Le droit à la réparation est devenu un enjeu majeur de la politique environnementale française et européenne. Entre la loi AGEC de 2020, les directives européennes de 2024 et les évolutions réglementaires de 2026, les consommateurs disposent aujourd'hui d'un arsenal juridique solide pour faire valoir leur droit à réparer plutôt qu'à remplacer. Ce guide fait le point sur les textes en vigueur et leurs implications concrètes.
La loi AGEC : le socle du droit à la réparation
La loi Anti-Gaspillage pour une Économie Circulaire (AGEC), promulguée le 10 février 2020, a posé les fondations du droit à la réparation en France. Parmi ses mesures phares : l'obligation d'afficher un indice de réparabilité sur certains produits, la garantie de disponibilité des pièces détachées, la création du Bonus Réparation via le fonds réparation, et l'interdiction de l'obsolescence programmée.
La loi AGEC a également renforcé la garantie légale de conformité en étendant la présomption d'antériorité du défaut à 2 ans pour les biens neufs, facilitant ainsi les recours des consommateurs en cas de panne prématurée.
L'indice de réparabilité : une obligation en expansion
Depuis janvier 2021, l'indice de réparabilité est obligatoire sur cinq catégories de produits : smartphones, ordinateurs portables, téléviseurs, lave-linge et tondeuses. La note sur 10 évalue la facilité de démontage, la disponibilité des pièces détachées, le prix des pièces et l'accès à la documentation technique. En 2026, l'indice s'étend progressivement à de nouvelles catégories et évolue vers un indice de durabilité plus complet.
La directive européenne sur le droit à la réparation
Adoptée en 2024, la directive européenne sur le droit à la réparation renforce les obligations des fabricants à l'échelle de l'Union européenne. Elle impose aux fabricants de réparer les produits même après l'expiration de la garantie légale, à un coût raisonnable. Elle garantit l'accès aux pièces détachées et aux outils de diagnostic pour les réparateurs indépendants. Elle interdit les pratiques de verrouillage logiciel empêchant la réparation par des tiers.
Cette directive, en cours de transposition dans le droit français, viendra compléter et renforcer les dispositions de la loi AGEC.

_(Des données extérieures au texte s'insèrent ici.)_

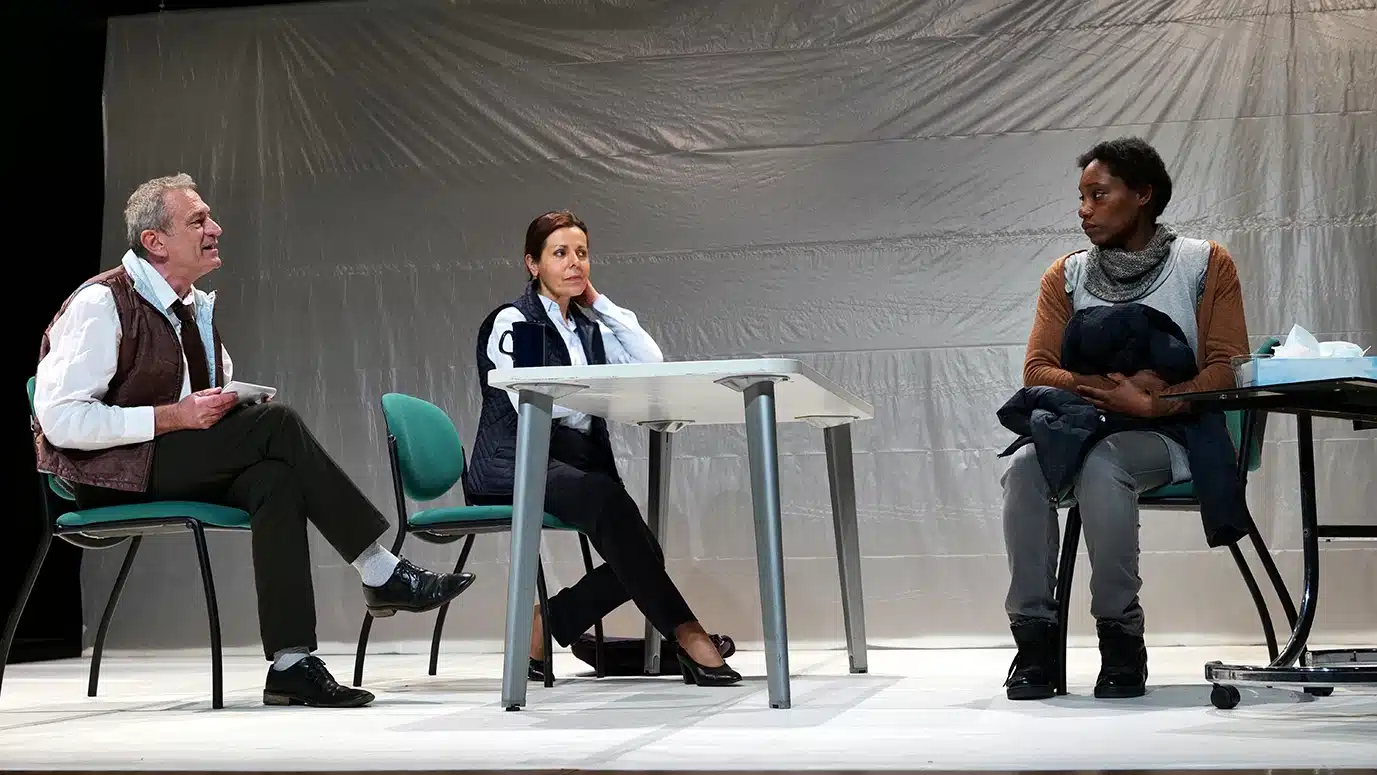 Reconnue au Royaume-Uni pour ses oeuvres engagées, Debbie Tucker Green nous entraîne dans un univers captivant, inscrit dans un futur proche. Dans ce récit en huis clos mâtiné d’humour noir, une victime est convoquée dans un bureau administratif. Il s’agit d’une procédure légale. Visiblement formés à la va-vite, les deux agents qui la prennent en charge sont bien en peine de la « mettre à l’aise » comme ils en ont reçu la directive… Ils s’empêtrent dans leurs explications, jusqu’à faire parfois basculer l’ambiance vers l’absurde.

Les obligations des fabricants en 2026
En 2026, les fabricants sont soumis à plusieurs obligations en matière de réparabilité. Ils doivent garantir la disponibilité des pièces détachées pendant une durée minimale (variable selon les catégories, généralement 5 à 10 ans après la fin de commercialisation). Ils doivent fournir aux réparateurs professionnels la documentation technique nécessaire. Ils doivent afficher l'indice de réparabilité sur les produits concernés. Et ils ne peuvent pas conditionner la garantie à l'utilisation exclusive de leur réseau SAV pour les réparations hors garantie.

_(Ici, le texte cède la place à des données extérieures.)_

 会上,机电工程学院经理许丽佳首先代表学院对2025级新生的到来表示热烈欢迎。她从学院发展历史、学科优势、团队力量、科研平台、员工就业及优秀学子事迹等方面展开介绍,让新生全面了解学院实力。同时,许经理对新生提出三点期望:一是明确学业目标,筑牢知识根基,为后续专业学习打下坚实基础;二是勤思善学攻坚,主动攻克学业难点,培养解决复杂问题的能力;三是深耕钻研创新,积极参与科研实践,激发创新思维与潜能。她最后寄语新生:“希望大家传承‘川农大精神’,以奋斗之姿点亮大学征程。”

Ce que cela signifie pour les consommateurs
En tant que consommateur, vous disposez en 2026 de droits solides. Vous pouvez exiger la réparation plutôt que le remplacement pendant la période de garantie. Vous avez accès au Bonus Réparation pour les appareils hors garantie. Vous pouvez choisir librement votre réparateur (QualiRépar ou autre) sans perdre vos droits. Et vous disposez d'informations transparentes sur la réparabilité des produits grâce à l'indice obligatoire.
Le rôle des réparateurs QualiRépar dans cet écosystème
Les réparateurs labellisés QualiRépar sont les acteurs centraux de ce nouveau droit à la réparation. En tant que professionnels certifiés, ils sont habilités à appliquer le Bonus Réparation et constituent le maillon entre le consommateur et les éco-organismes. L'annuaire Reparea recense plus de 2 000 réparateurs certifiés sur tout le territoire français.